What you should do:
Each entry below needs to be transcribed verbatim; the images should not appear.

Records for the task:
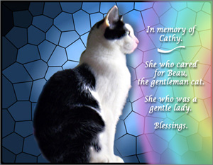 ReplyDeleteThat is a beautiful tribute. It is so very, very sad. It sounds like Cathy was a very special, loving person. We send purrs to Cathy's family and big purrs to Beau to comfort him in his Mom's absence. We purr his heart will heal and that he will find love again and adjust in his new living situation.
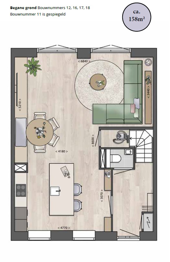 - Achteruitbouw van 1,2 meter of 1,8 meter mogelijk (m.u.v. bouwnummer 12)
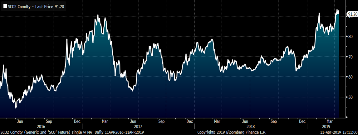 The 2nd month SGX iron ore future settled at a multi-year high last week before settling today at $91.20t.
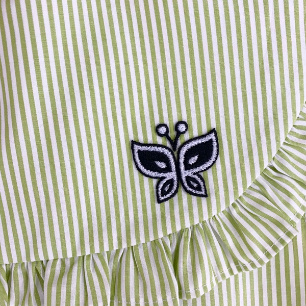 ドレスは、フリルをあしらった大きな衿に花を、後ろにはチョウのモチーフを配し、可愛らしくも大人っぽく仕上げました。スカート部分は、裏側にオーガンジーを重ねてギャザーをたっぷり寄せ、女の子らしくふんわりとした優しいシルエットにしました。
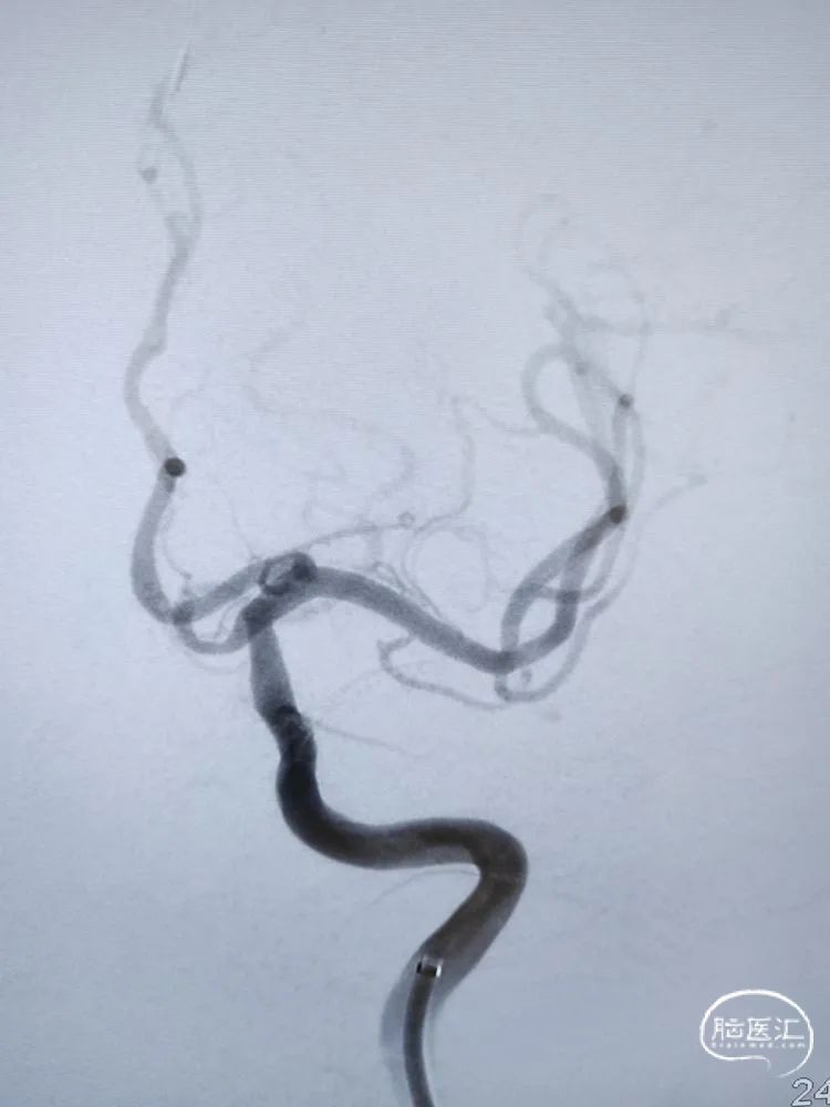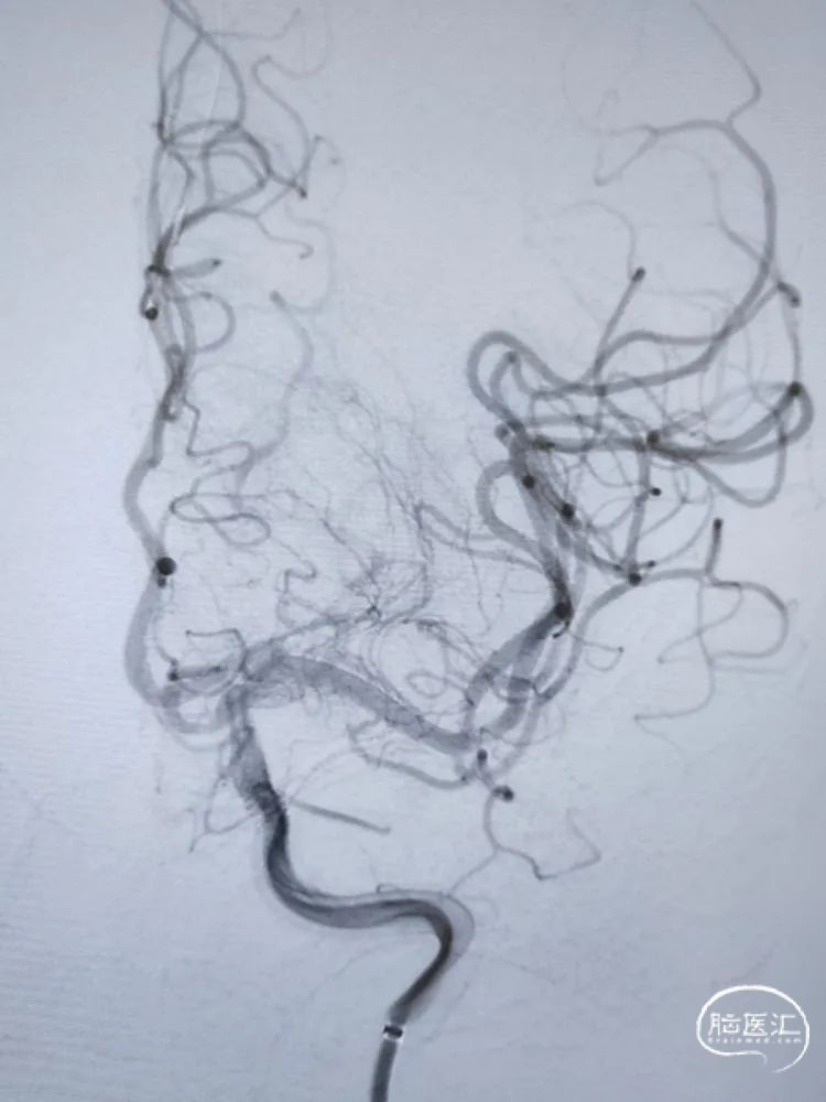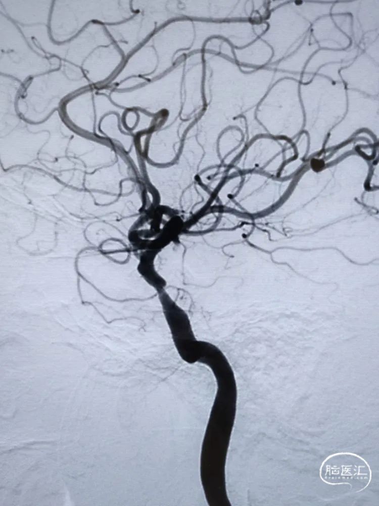 简要病史:左侧大脑半球散在点状梗死发病两周,强化药物治疗后病情稳定,恢复良好,拟进行全脑血管造影检查评估。

Task answer:
 ReplyDeleteThat is a beautiful tribute. It is so very, very sad. It sounds like Cathy was a very special, loving person. We send purrs to Cathy's family and big purrs to Beau to comfort him in his Mom's absence. We purr his heart will heal and that he will find love again and adjust in his new living situation.
 - Achteruitbouw van 1,2 meter of 1,8 meter mogelijk (m.u.v. bouwnummer 12)
 The 2nd month SGX iron ore future settled at a multi-year high last week before settling today at $91.20t.
 ドレスは、フリルをあしらった大きな衿に花を、後ろにはチョウのモチーフを配し、可愛らしくも大人っぽく仕上げました。スカート部分は、裏側にオーガンジーを重ねてギャザーをたっぷり寄せ、女の子らしくふんわりとした優しいシルエットにしました。
 简要病史:左侧大脑半球散在点状梗死发病两周,强化药物治疗后病情稳定,恢复良好,拟进行全脑血管造影检查评估。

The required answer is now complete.